Misalnya, kita bicara pada orang yang memiliki faktor X saja ya. Sebut saja namanya Banyu. Banyu tinggal disebuah desa tepat dikaki lereng gunung sekitar 75 KM dari kota Jaya Pura. Masyarakat di desa Banyu sangat tradisional. Semua kebutuhan hidup (sandang, papan, pangan) mereka dapatkan dengan cara swadaya, bertani, beternak dan berburu. Banyu seorang dengan faktor X.


Satu hari ada seorang mahasiswa yang juga seorang pecandu putau datang kedesanya. Setelah semakin saling mengenal Banyu diajak menggunakan putau oleh pemuda tersebut. Selanjutnya selama kurang lebih dua minggu kedepan Banyu rutin menggunakan putau setiap hari. Hingga pada akhirnya pemuda tersebut meninggalkan desanya, kembali ke Jakarta. Apa yang terjadi dengan Banyu?


Apakah akan berbeda jika Banyu bukan tinggal di desa itu, tetapi di salah satu wilayah pusat peredaran narkoba di Jakarta? Atau jika Banyu bukan anak petani tetapi berasal dari keluarga kaya?


Ya . Seperti itu kira-kira gambarannya.

Apa beda orang yang bisa jadi adiksi dengan orang yang kecanduan?
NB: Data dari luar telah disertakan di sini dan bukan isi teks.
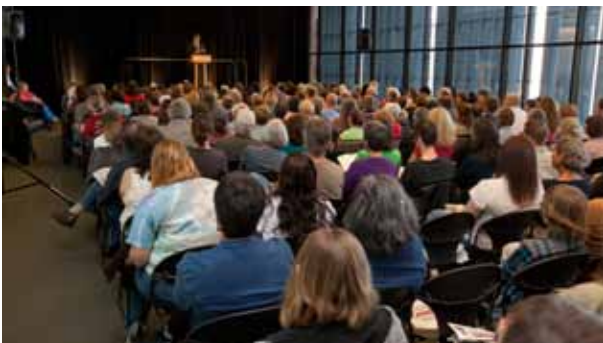
Nearly 400 fans from all over Colorado gather to hear 2010 All Pueblo Reads author Sherman Alexie.
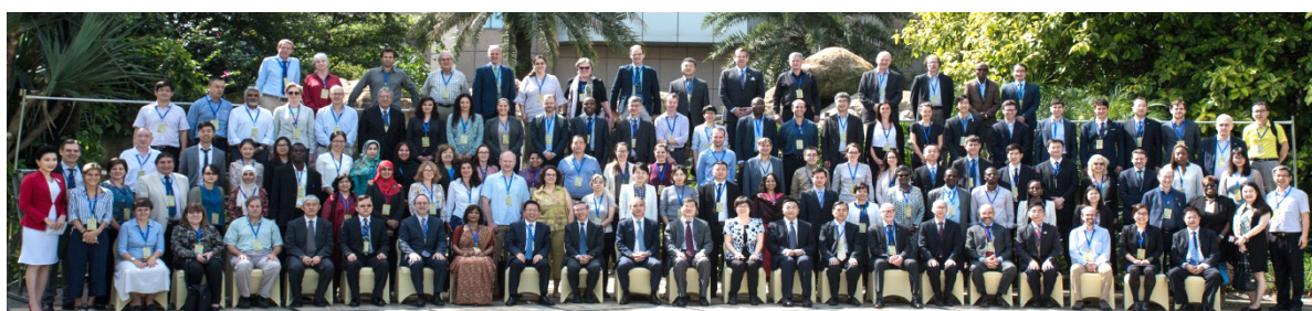
Participants of the third global authors meeting pose for a group photo at the Nansha Grand Hotel, Guangzhou, China.
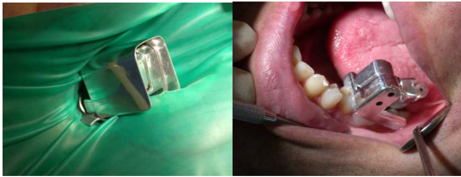
Figure 3. Machine model showing how it fits in the patient's mouth: to the left is the machine placed together with a rubber dam. The machine is protected by a stainless steel cover. To the right is the machine without cover or rubber dam, showing the relationship in size to the teeth.
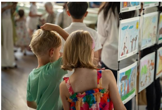
Fig. 6.: A snapshot from the opening of the exhibition 6. ábra: Pillanatkép a kiállítás megnyitójáról

5. ábra: Az “Élet a múltban — A múlt gyerek-szemmel” című gyermekrajz-pályázat plakátja. A fotómontázs a pályázatra beérkezett alkotásokból készült, tervezte Mészáros Nóra.
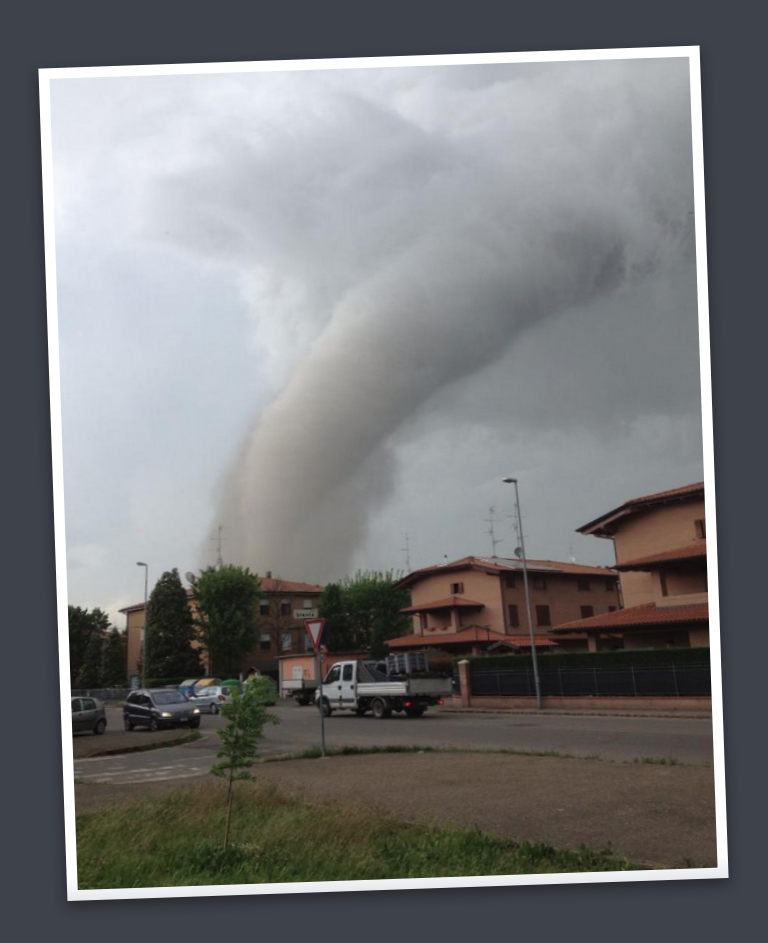
"Some people are weather wise... but most are other wise..." -Benjamin Franklin
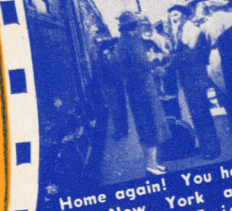
Home again! You have seen New York and the World's Fair.
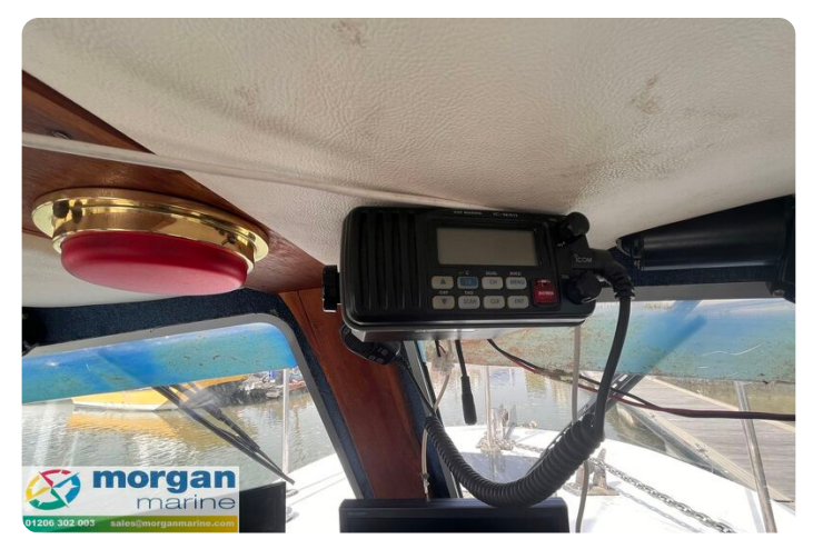
Procharter 36 GRP charter fishing boat - VHF radio
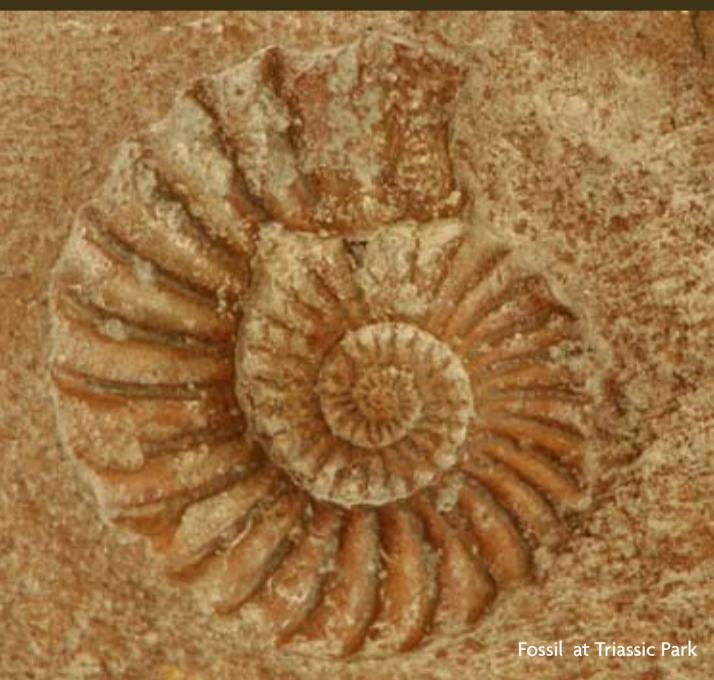
Fossil at Triassic Park

The park is steeped in history with the discovery of fossils and intense coal mining activity early last century. It now functions as a Conservation Park protecting a rich biodiversity so close to the city and even remarkably provides habitat for a local koala population.
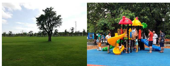
Figure 2. Artificial nature and model play facilities in urban parks.

The over protection of children cannot create more opportunities for adventure. Taking risks is the basis for kids to explore and understand the world [45]. Children need to participate in activities with certain risks in the process of growing up. However, the construction concept of absolutely safe playground limits designers to providing specific facilities for safe play, thus losing the potential of exploring playground for children's adventure activities. (Figure 2)
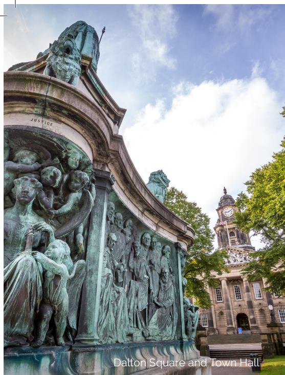
Dalton Square and Town Hall
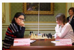
Seventh Game of the Women's World Chess Championship Match Between Mariya Muzychuk and Hou Yifan, March 11, 2016.

Ukraine gained a second women's world champion when Mariya Muzychuk defeated Natalia Pogonina of Russia 2\frac{1}{2}-1\frac{1}{2} to win the finals of a 64-player knockout tournament held in Sochi, Russia. In 2015, Ukraine issued a postage stamp honoring Mariya and her older sister Anna.
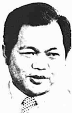
DATUK LEO MOGGIE ... Reconsolidating political factions.

"We will endorse the appointment of Tun Rahman as the new Chief Minister if he and the others in the Bersatu group were to win
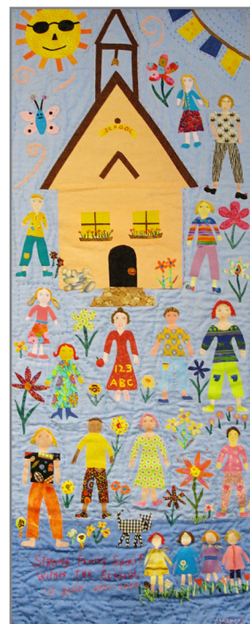
Strong Family Spirit Within The School
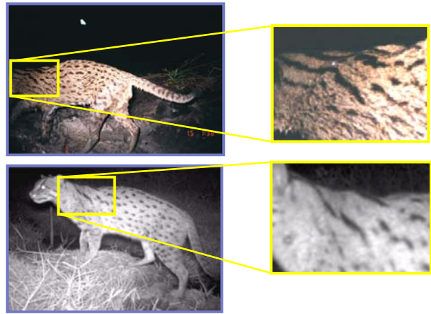
Initial analysis indicates that individual identification based on pelage markings is possible. Video images allow for extraction of still images with optimum perspective and angle for comparison of animals.

Three semi-natural reed grass patches were targeted for camera trapping. A total of 230 video clips and 238 still photos were recorded during 54 trap nights at sites clustered around these three patches. Fishing cats had the highest capture frequency with 203 exposures obtained from 15 distinct locations during 20 of the 54 trap nights. Analysis of the size, pelage patterns, body characteristics, condition, and behavior indicated that these captures represented at least three (an adult female, a ~3-4 month-old kitten, and another (apparently male) adult missing a right front paw) and potentially four or more
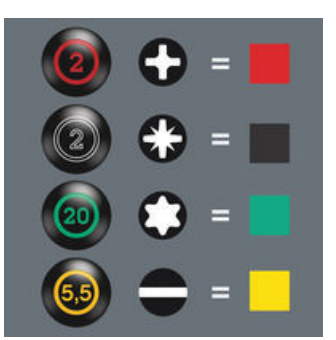
Screwdrivers with "Take it easy" coding tool finder: colour according to profile and size stamp.
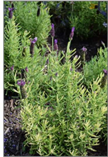
Javelin Forte Deep Purple Lavender in bloom

Javelin Forte Deep Purple Lavender is a fine choice for the garden, but it is also a good selection for planting in outdoor pots and containers. It is often used as a 'filler' in the 'spiller-thriller-filler' container combination, providing a mass of flowers and foliage against which the thriller plants stand out. Note that when growing plants in outdoor containers and baskets, they may require more frequent waterings than they would in the yard or garden.
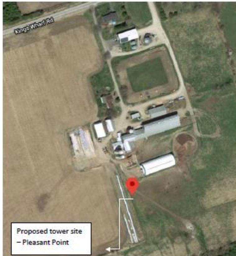
Figure 2 – Tower location on the property (not to scale)
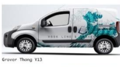
Grover Thang Y13
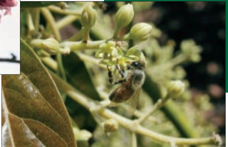
As the worker bee visits the avocado blossom, the pollen clings to her hairy body and is thereby transferred from blossom to blossom.
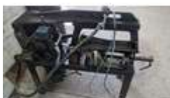
293. Power hacksaw with roller stand
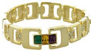
GOLD LAYERED 07.59.0012 INDIVIDUAL BANGLE, WITH CRYSTAL, GOLD
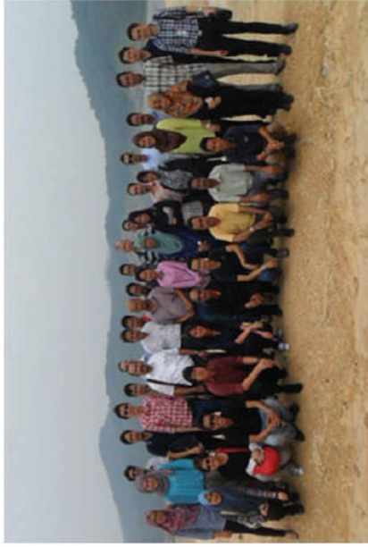
Bukit Tagar Sanitary Landfill Technical Visit
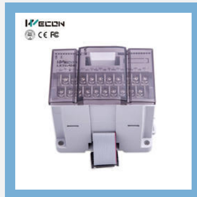
LX3V-4DA Programmable Logic Controller
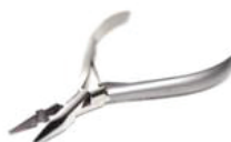
X152 - HH Weft Plier 5" w/channels
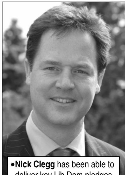
Nick Clegg has been able to deliver key Lib Dem pledges.

We promised to make tax fairer, and now we are delivering:
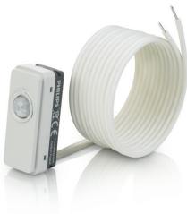
LRM8119/00 Lum Based Ext Sensor with LCA8004/00 COVER
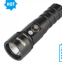
Whale D26 1100 LED Diving Flashlight
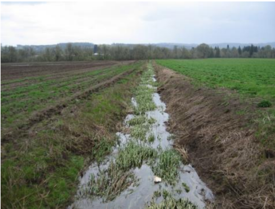
Photo Point 21- 3/2014- Northern portion of east field after clearing of ground and before construction. Photo taken from NW corner on culvert.
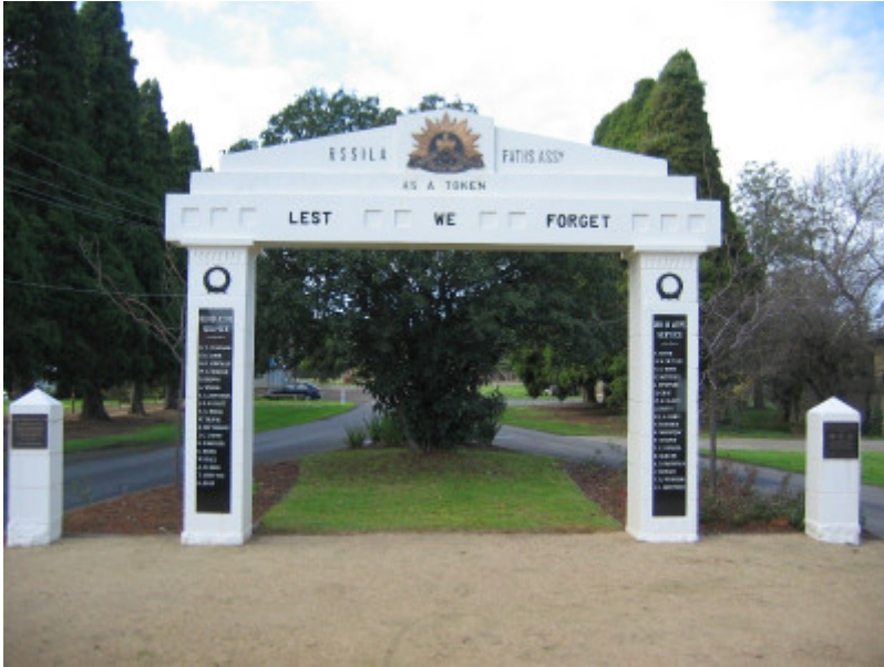
29405 Memorial Arch 1 Walnut Street Whittlesea 25

Orang yang bisa teradiksi itu bisa kita istilahkan punya bakat untuk kecanduan. Sedangkan kecanduan adalah kondisi dimana individu tersebut sudah kehilangan kendali terhadap narkoba, seperti yang sudah dijelaskan diatas.


Apa faktor utama yang menyebabkan orang bisa adiksi?

Selain faktor X yang sudah dijelaskan diatas, umumnya adalah 3 situasi yang sempat disebutkan pada pertanyaan no. 2, yaitu: Untuk senang-senang, tekanan teman sebaya dan lari dari kenyataan.


Untuk senang-senang
Sebagian orang mulai menggunakan narkoba untuk alasan situasi sosial saja, biasanya zat yang digunakan adalah alkoho atau ganja. Misalnya dalam suatu pesta, acara, atau situasi tertentu. Sebagian orang cukup sampai disana, sebagian lagi lanjut dalam kecanduan.


Tekanan tean sebaya
Sebagian besar pecandu mulai menggunakan narkoba pada usia remaja awal (12 – 17 tahun). Umumnya zat yang digunakan adalah rokok, alkohol, ganja atau pills. Kemudian pada usia 20an mereka sudah berada tahap kecanduan.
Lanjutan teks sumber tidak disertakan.